W Irlandii zatrzymano poszukiwanego przez polskiego służby Artura C. Mężczyzna poszukiwany był m.in. za handel narkotykami. Do ekstradycji Polaka nie dojdzie, ponieważ sędzia ma wątpliwości wobec przestrzegania zasad demokracji i praworządności w Polsce.
Sąd ekstradycyjny w Dublinie ogłosił, że przekażę sprawę do Europejskiego Trybunału Sprawiedliwości. Sędzia Aileen Donnelly poinformowała, że ostatnie zmiany w polskim sądownictwie doprowadziły do tego, że jest on "systematycznie uszkadzany".
Zdaniem Donnelly zmiany te doprowadziły do naruszenia praworządności i demokracji. - W Polsce minister sprawiedliwości jest teraz także prokuratorem generalnym i ma prawo do odgrywania aktywnej roli nad prezesami sądów. Może mieć na nich wpływ - oceniła.
Decyzja sędzie Donnelly wywołała falę komentarzy w Polsce. Przykładowo posłanka Prawa i Sprawiedliwości, Krystyna Pawłowicz stwierdziła, że jest to "oszczerstwo wymierzone w państwo polskie". - Podejrzewam, że w Irlandii również obowiązuje zasada legalizmu, czyli można orzekać tylko wtedy, jeśli prawo na to zezwoli. Uznanie swobodne jakiegoś sędziego, który być może wcześniej czytał literaturę, albo jakieś odpryski „Wyborczej", albo już tam gdzieś go ustawiano, bo sędziowie nasi bardzo często jeździli tam i ustawiali te środowiska sędziowskie itd. – powiedziała.

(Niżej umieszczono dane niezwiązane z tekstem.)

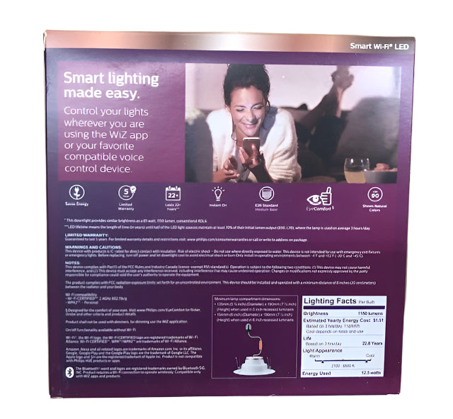 Philips Smart Wi-Fi LED lighting puts you in complete control of your lighting with smart bulbs that are easy to use, functional, and affordable. We've made all of your favorite high-quality Philips bulbs smarter, just connect them to your existing Wi-Fi network. This Smart Color and Tunable White 6" downlight lets you live life colorfully. Dynamic light modes make any room glow in your favorite color. Or use tunable white light that adjusts from warm white to cool daylight. Use app presets to choose lighting for each of your daily activities. You can play with millions of colors, thousands of shades of white, and enjoy pre-set well-being modes to find the ideal light temperature. Control your lights wherever you are using the WiZ app or your favorite compatible voice control device. This recessed downlight is easy to install in any 6" E26 medium base recessed can. This product requires a Wi-Fi connection to operate wirelessly. Philips Wi-Fi lighting is WiZ-connected and controlled with the WiZ app. Not compatible with Philips Hue.
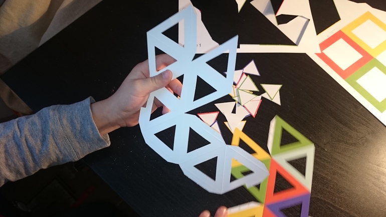 Геометрические размеры готовых многогранников, собранных из набора подобраны таким образом, что каждый из них может быть вписан в сферу диаметром 110 мм
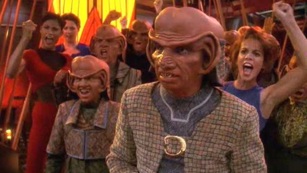 Like most Ferengi-focused episodes of Deep Space Nine, “Bar Association” has plenty of comedy to lighten the mood. And, to be sure, Quark’s unfair labor practices don’t fill the viewer with dread like the Jem’Hadar. But while few of us viewers will ever have to do battle with warriors pumped up on ketracel-white, most of us will have to stand up to those who would exploit us, making Rom’s rebellion one of the most immediately hopeful moments in the entire franchise.

Z kolei wiceminister sprawiedliwości, Marcin Warchoł skomentował sprawę dla "Rzeczpospolitej" w następujący sposób: "Wydając decyzje o odmowie wydania polskiego obywatela w trybie Europejskiego Nakazu Aresztowania, dubliński sąd prezentuje podwójne standardy. W imię rzekomej walki i troski o praworządność w Polsce opóźnia ukaranie groźnego narkotykowego przestępcy".